An oral interleukin-23 receptor antagonist alleviated the course of psoriasis

The second phase of the clinical trial of JNJ-77242113 - an antagonist of the interleukin-23 receptor - showed that taking this drug reduced the area of psoriasis lesions and the degree of its symptoms. The greatest effect was observed at a dosage of 200 milligrams of the drug per day. The results of the study were published in The New England Journal of Medicine.

Psoriasis is a multisystem immune-mediated inflammatory disease that predominantly affects the skin and joints and increases the risk of atherosclerosis. Although the pathogenesis of this disease is not fully understood, it is known that interleukin-23 plays a key role in the activation of pathogenic T lymphocytes. This knowledge has come in handy for the development of new psoriasis treatments using monoclonal antibodies, which are considered safer than classical therapies for the disease.

However, such biologic drugs need to be administered intravenously or subcutaneously, which limits their widespread use. Therefore, there is a need for effective oral targeted therapies for psoriasis. JNJ-77242113 is an oral interleukin-23 receptor antagonist peptide that selectively and effectively blocks interleukin-23 signaling and the production of downstream cytokines.

Robert Bissonnette of Innovaderm Research Collaboration and colleagues conducted a phase II clinical trial of JNJ-77242113, in which the researchers sought an effective and safe dosage of the drug. Among the 255 patients randomized, all received at least one dose of the drug or a placebo. Overall, 24 patients (nine percent) discontinued treatment. The mean duration of psoriasis was 18.2 ± 12.79 years, and the mean total score on the PASI scale, which is used to assess the severity of skin lesions in psoriasis and disease activity, was 19.05 ± 5.83.

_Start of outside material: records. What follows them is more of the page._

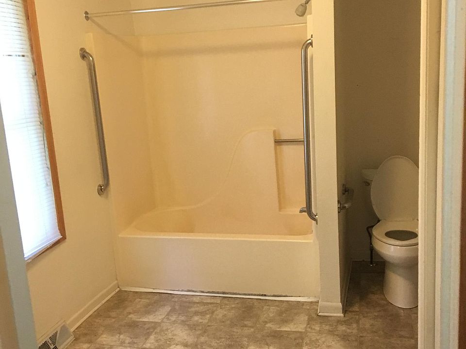 Large 2 bed with 1 large bathroom. Has 1st floor laundry, and sits on a 1 acre yard. Has large deck and side entry. Comes with refrigerator and stove. Renter responsible for utilities.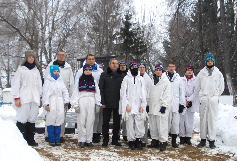 После торжественной части участники поставили корзину цветов к памятнику павшим воинам. Из Захарова лыжники отправились в Михайловский район, с участниками похода до села Поярково прошла и группа школьников Захаровской средней школы №1.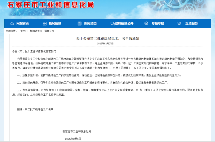 蛇年伊始,開門迎喜訊!2月7日,石家莊市工業(yè)和信息化局正式公布了第二批市級綠色工廠名單,河北拓普電氣股份有限公司憑借其在綠色制造、節(jié)能減排以及可持續(xù)發(fā)展領域的卓越表現(xiàn),成功躋身其中,榮獲石家莊市級綠色工廠稱號!這一榮譽不僅是對拓普電氣多年來堅持綠色發(fā)展的肯定,更是對其未來持續(xù)創(chuàng)新的激勵。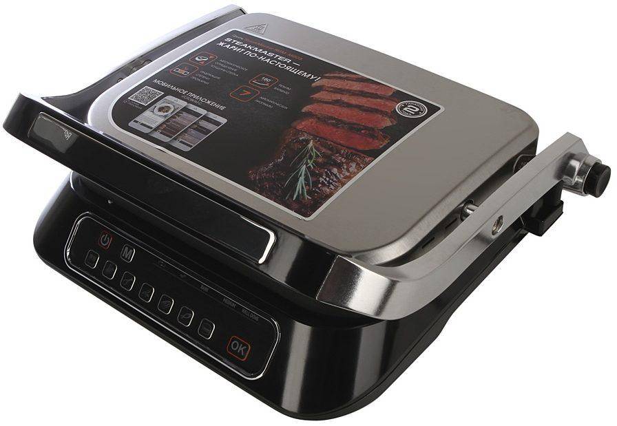 - Дополнительно: 9 автоматических программ для приготовления, сенсор для определения толщины стейка, съемные панели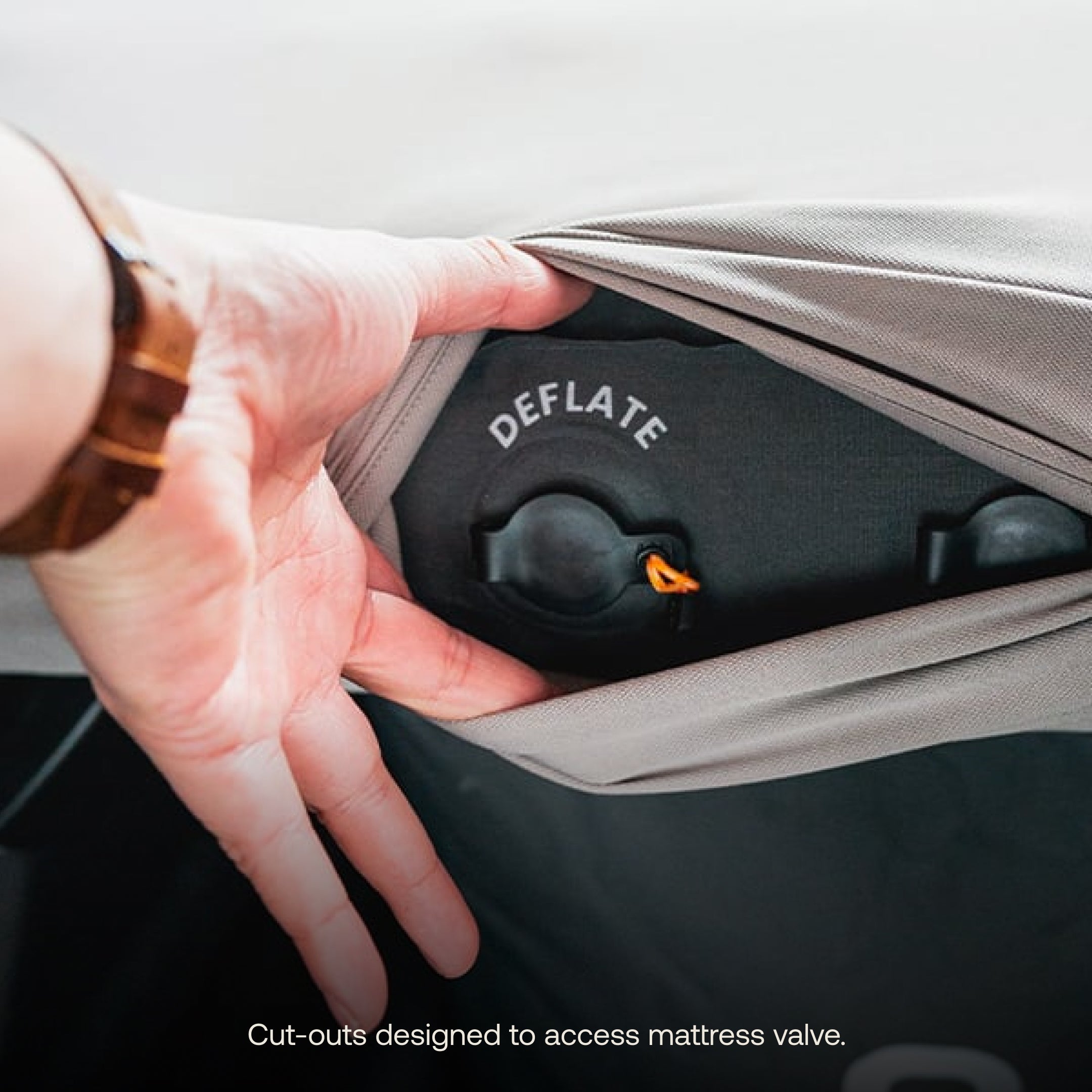 The Fitted Mattress Sheet adds a layer of comfort and protection to any Luno Air Mattress. The fabric is cozy, breathable, and offers temperature-regulated insulation. It’s designed to fit perfectly and protects your mattress from abrasion and accidental stains. Storage pouch included.

Researchers reported a significant dose-response relationship at week 16 (p < 0.001). At week 16, the percentage of patients with a response to PASI 75 was 37 percent among patients in the 25 milligrams once daily group, 51 percent in the 25 milligrams twice daily group, 58 percent in the 50 milligrams once daily group, 65 percent in the 100 milligrams once daily group and 79 percent in the 100 milligrams twice daily group. Other assessments of psoriasis severity showed similar relationships. In all study groups, however, JNJ-77242113 administration was associated with lower serum defensin levels, indicating a reduction in the activity of the inflammatory autoimmune process. However, this level reduction was stronger in the highest dosage group.

Similar relationships were observed in psoriasis severity questionnaires. Overall, three serious adverse events were reported: a case of covida (100 milligrams once daily), an infected cyst (50 milligrams once daily), and a suicide attempt (100 milligrams once daily). However, there was no association between drug dosage and risk of side effects.

If further phases of research are favorable, JNJ-77242113 may become the first highly effective and safe oral drug for the treatment of psoriasis.